Circle time usually happens at the beginning of the preschool day, and is a great way to bring the class together and initiate interactive learning. Several different subjects can be covered during morning circle time, including reviewing the day’s calendar, revealing the letter of the day, taking note of the current weather conditions, sharing each student’s mood, show and tell, story time and even singing and dancing. This is a time for teachers to introduce new lessons and allow students to carry on the discussion.

Morning circle is a positive time, during which teachers encourage all students to share and participate in the learning experience. Through circle time, preschoolers will build confidence by speaking in front of their peers, and develop social skills by taking turns and listening to one another. These skills will be beneficial for young students to learn at an early age, as they will be used throughout the remainder of their educations and professional lives.

Preschoolers are actively involved in the learning process for the duration of morning circle time. It is not a time for passive learning, where the teacher reads or lectures for long periods, but rather an opportunity for interactive learning, where students are sharing and absorbing knowledge.

How to Conduct Morning Circle Time

Teachers should be well-prepared for morning circle time activities. This takes prior planning for each lesson, setting up carpet squares or place mats for each child, learning the words to a new song, or compiling a list of words that begin with the letter of the day. It would be wise to make certain that there are enough materials for each child if supplies are necessary and check games to be sure that all pieces are still there and in tact. Because circle time requires student participation, being disorganized will result in the children losing focus and interest.

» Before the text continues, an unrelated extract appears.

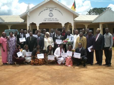 2007 to date: BUST: Community Capacity Building and Advancement of Education. The Client is the fledgling Bamenda University of Science & Technology (BUST), Cameroon - with no Government funding. TMGF provided strategic consultancy in situ - on the ground in Cameroon with the Senate and Staff - covering priorities, debt refinancing, break even business planning and Diaspora contributions. Cameroon is in dire need of more capacity in tertiary education. Lectures covering these topics were delivered to University staff and students. Needs: infrastructure, monies, etc. TMG-F provided some significant funding to finishing the main building (we have a plaque there proudly), as well as fund a scholarship scheme at BUST (see picture above).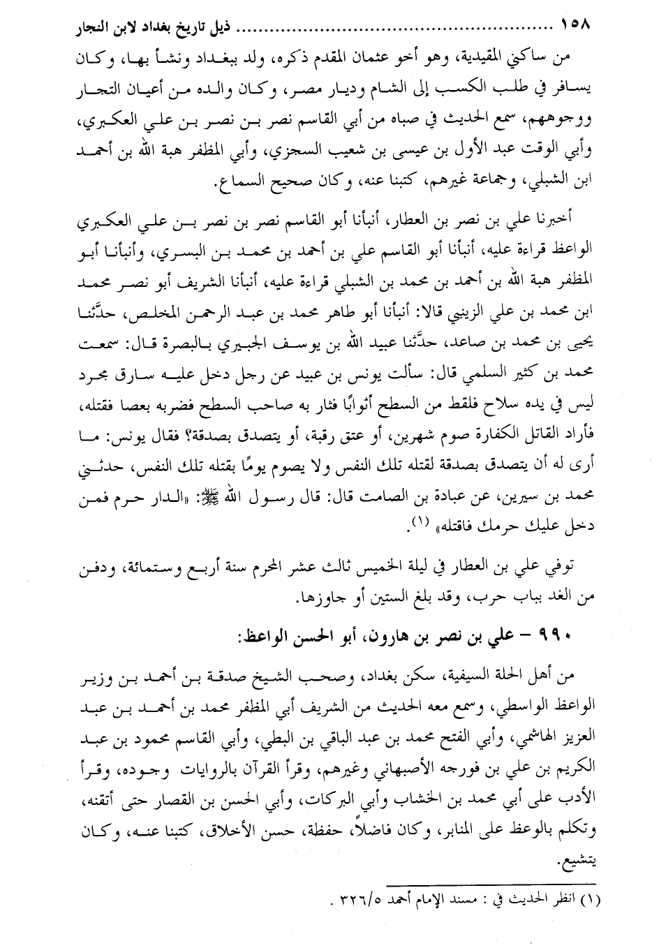 أخبرنا علي بن نصر بن العطار، أنبأنا أبو القاسم نصر بن نصر بن علي العكبري الواعظ قِرَاءَةً عَلَيْهِ، أَنْبَأَنَا أَبُو الْقَاسِمِ عَلِيُّ بْنُ أحمد بن محمد بن البسري، وأنبأنا أَبُو الْمُظَفَّرِ هِبَةُ اللَّهِ بْنُ أَحْمَدَ بْنِ مُحَمَّد بْن الشبلي قراءة عليه، أنبأنا الشريف أبو نصر محمد ابن محمد بن علي الزينبي قالا: أَنْبَأَنَا أَبُو طَاهِرٍ مُحَمَّدُ بْنُ عَبْدِ الرَّحْمَنِ الْمُخَلِّصُ، حدّثنا يحيى بن محمد بن صاعد، حدّثنا عبيد الله بن يوسف الجبيري بالبصرة قال: سمعت محمد بن كثير السلمي قال: سألت يونس بن عبيد عن رجل دخل عليه سارق مجرد ليس في يده سلاح فلقط من السطح أثوابا فثار به صاحب السطح فضربه بعصا فقتله، فأراد القاتل الكفارة صوم شهرين، أو عتق رقبة، أو يتصدق بصدقة؟ فقال يونس: ما أرى له أن يتصدق بصدقة لقتله تلك النفس ولا يصوم يوما بقتله تلك النفس، حدثني مُحَمَّدِ بْنِ سِيرِينَ، عَنْ عُبَادَةَ بْنِ الصَّامِتِ قَالَ: قَالَ رَسُولُ اللَّهِ صَلَّى اللَّهُ عَلَيْهِ وسلّم: «الدار حرم فمن دخل عليك حرمك فاقتله» [1] .

A specific area in the preschool classroom should be home to circle time activities. In addition, holding morning circle at the same time each day will teach young students routine and time management skills. If children know where and at what time the activities will be every morning, they may begin to gravitate toward that area without having to be asked.

Keeping young students enthused throughout the duration of an activity is usually a challenging task. For this reason, lessons should switch between physical and mental stimulation. If the teacher begins by singing a good morning song, the next activity may be quietly reading or completing a puzzle. Teachers should also be mindful of any age or developmental discrepancies. A game that works well with four year olds may not work as well with two year olds, and vice versa.

Getting Preschoolers Interested in Morning Circle Time

Starting off morning circle time slowly will allow students to ease into the activity at their own paces. Some students may be shyer than others, or have a harder time speaking in front of the group. By beginning with a song or group discussion, preschoolers will become more comfortable with sharing their thoughts and feelings with the class. Save the main activity or new lesson for after the students have warmed up to circle time.

Depending on the class, circle time can vary greatly in length. This may be based on the age of the students and their temperaments. Younger students tend to get distracted more quickly and easily, whereas older students can generally last a bit longer. Additionally, if the activities are engaging, young students will usually fare better than if they were to be listening to a long story or lecture.

Morning circle time is a great setting for bringing the class together to participate in group activities. It allows students to develop self-confidence by speaking in front of the class and critical thinking skills by completing tasks on the spot. Circle time also creates a sense of predictability and comfort by encouraging learning and involvement in a safe, educational environment.